Writing Versus Reiterating
Historically, Knocked Loose has approached their writing in a “let’s jam and find out” method. Everyone contributes and everyone has ideas, but the track formation occurs as a group effort, which the band finds crucial. The multidimensional undertaking of crafting this EP marked a profound shift in how the band orient themselves to their own sound and how they recognize their presence within the current musical landscape. To that end, the band has always been cognizant of the scope of their artistic arc. In a previous interview, Isaac commented that “nothing gets removed” with respect to the band’s overall writing process.
Isaac: Yeah . . . I think “nothing gets removed” could be taken a couple different ways. Even if an idea doesn’t work out, we’re very good at taking from what we’ve done and improving on it for a song. There have been a million times where we’ve taken stuff from previous writing sessions, or stuff from previous records, and we’re like, “Let’s do something like this, let’s do something like that.” There’s nothing that’s wasted.
They’ll find new life in some other idea?
Isaac: Right, they’ll find new life in some way.

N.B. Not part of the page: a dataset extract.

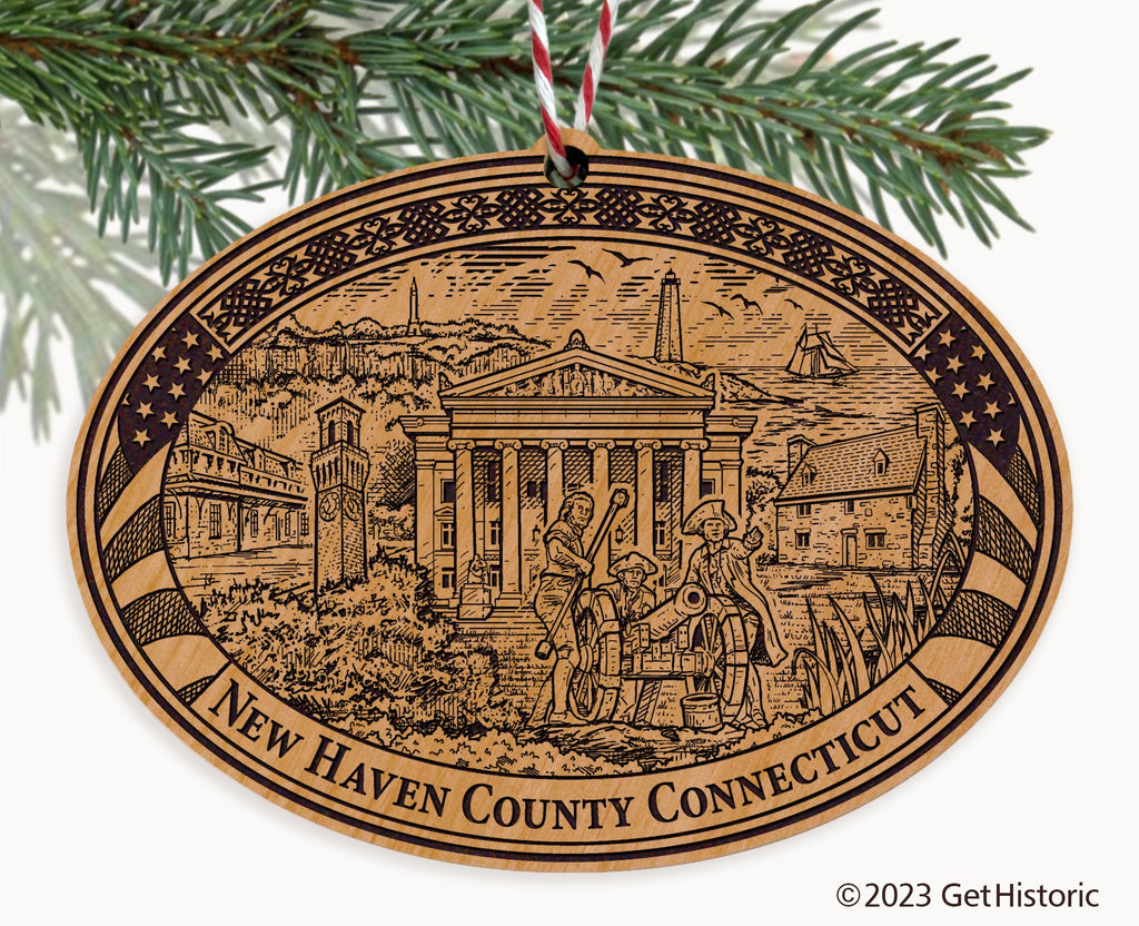 New Haven County Connecticut Natural Wood Engraved Ornament

There’s stuff during the EP writing sessions that we could use on our next, or another record. That’s exciting in and of itself.

New Blood, New Perspectives, and Contending with Identity
The EP had marked the first time the band engaged a singular, premeditated vision for a record. They certainly aren’t the first heavy act to go the route of a concept album, but it’s a bold, almost peculiar decision, delineating between two very different trajectories for the band.
It is, perhaps, Nicko’s own demi-outsider perspective that grants us some insight into this new direction: “It’s necessary to evolve,” he said. Nicko’s position is curious, not wanting to overstep while being simultaneously aware of the responsibility of his role. He’s filling the shoes of longtime rhythm guitarist Cole Crutchfield, who departed in 2020. Despite that, there’s clearly a mutual respect between him and Isaac, both grateful for the opportunity to grow and learn from each other’s respective repertoires.
The band’s lead vocalist and primary writer, Bryan Garris, stated in an AP interview that part of the goal of the recent EP was to “take the pressure off, following A Different Shade of Blue.” The full-length album was met with critical acclaim, delivering on the promise of 2016’s Laugh Tracks — that Knocked Loose would be an integral band to the evolution of guitar music and all its heaviest permutations.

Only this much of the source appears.